A world without horses is no world for our circus.

We try to ensure that the horses in our show have a good balance between work and rest, and that at some point in the year they get to go out in the lovely rolling fields of Fennells Farm and be horses. This means that they do not come in, they do not have rugs on but live out in the wild. They grow thick oily coats and live in little herds. For example having done a few good seasons work Full House, our Shire horse, is now out in the valley with his brother High Card.

All the horses, whether they are in work or not, are visited several times a year by the equine dentist, farrier, nutritionist and chiropractor, and are regularly wormed. This the base line of their care, although there are other consultants who input into their health, for example our wonderful vet, Tim Beauregard, our saddle fitter Kay Humphries and outside trainer Lotte Seal.

Our horses are given hay and some corn but are basically living like wild horses. They may even be out like this for up to a year as we move and rotate the horses in the shows. My first horse, Eclipse, is on permanent retirement and lives with a brood mare called Pearl, as a companion to her as she has her foals. I don't believe in putting winter rugs on these horses as I think it can interfere with their natural thermostat that is reset by these rest periods out in the wild. Rugs can also be quite dangerous as horses can get tangled up in them.

All our horses are owned and trained by us. Each year we buy and sometimes sell or re-home horses. This keeps the show new and interesting.

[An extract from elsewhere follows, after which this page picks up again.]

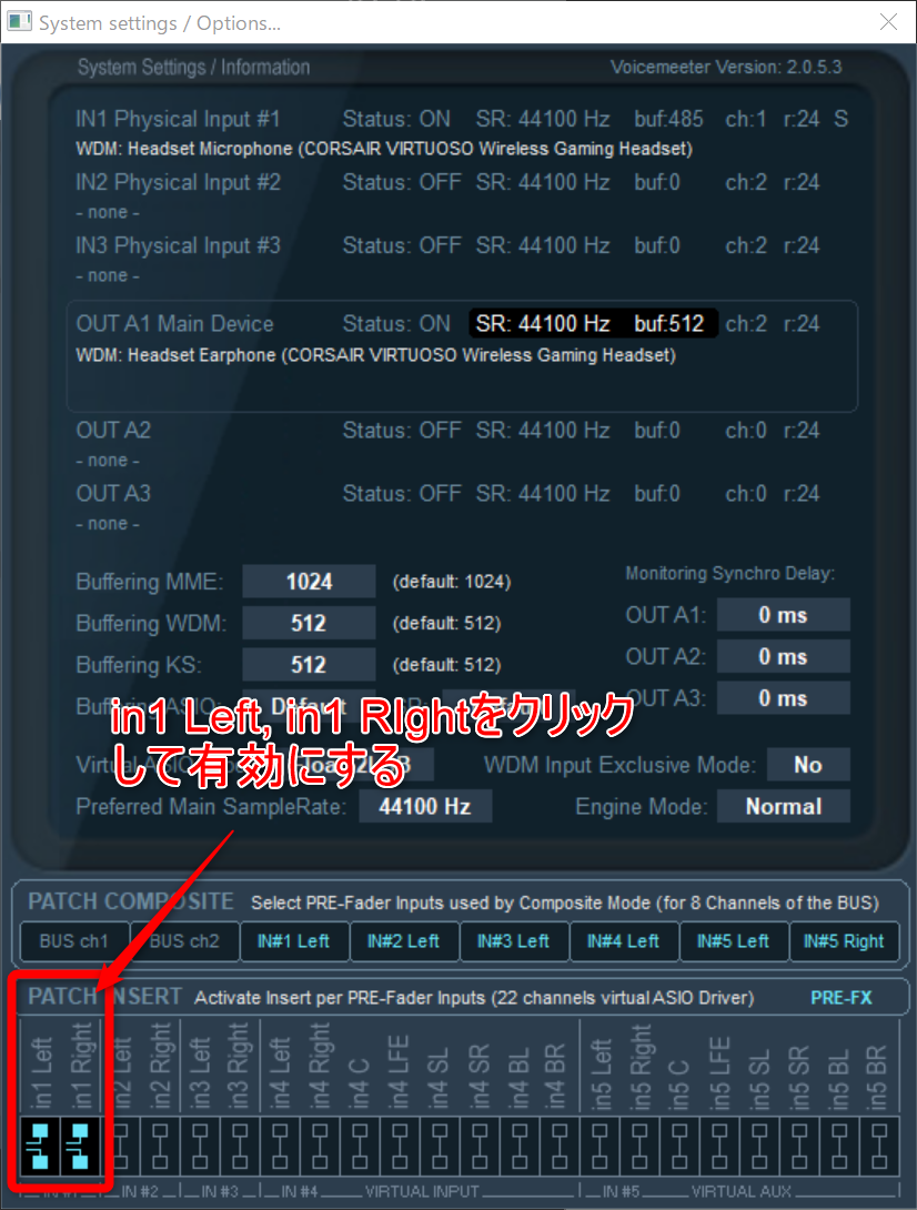 - 設定画面が表示されるので、画面下側のin1 Left, in1 RIghtをクリックして有効にする

We do not hire in animal acts as we believe that if we own and train the animals ourselves then we know exactly how the performance of each horses has been achieved and how the horses are kept. It is the same for our dog acts.

We have two new additions to the team; a couple of lovely Eriskay ponies, Max and Percy.

Eriskay ponies are a rare breed and now endangered so we are delighted that we are able to give them a home on the farm. Eriskays are renowned for being honest and intelligent with a pronounced level of confidence and affinity with humans, so they will fit right in.




The chickens seem to love the dry airy barn and we have bedded them down in plenty of dry straw and they eat all the scraps from the kitchen. They lay about a dozen eggs each day. The chickens are ex-battery hens and we are going to get more chickens in April when we go into full circus production mode, with the aim of supplying our chefs with our own eggs to feed all the hungry circus performers and set painters.

The Wild West extravaganza was opened by a highly skilled chicken brought to us by Amazing Animals. The rooster has gone home to Chipping Norton with puffed up feathers at her starring role.

We had a Bison led cart, the Eriskay pack-ponies Max and Percy and the audience favourites terriers Griffin and Hades.  Everyone is enjoying the space and freedom that Fennells Farm gives one and all.

Jerry the donkey made a welcome comeback this year as the Sheriff's trusted 'horse' Silver Bullet. Although known to be stubborn by nature, he worked well under the supervision of the horse department and enjoyed his turn in the ring. On the run from the Sheriff was the notorious El Gifford and Giffords Circus' very own 'black beauty' Jim. 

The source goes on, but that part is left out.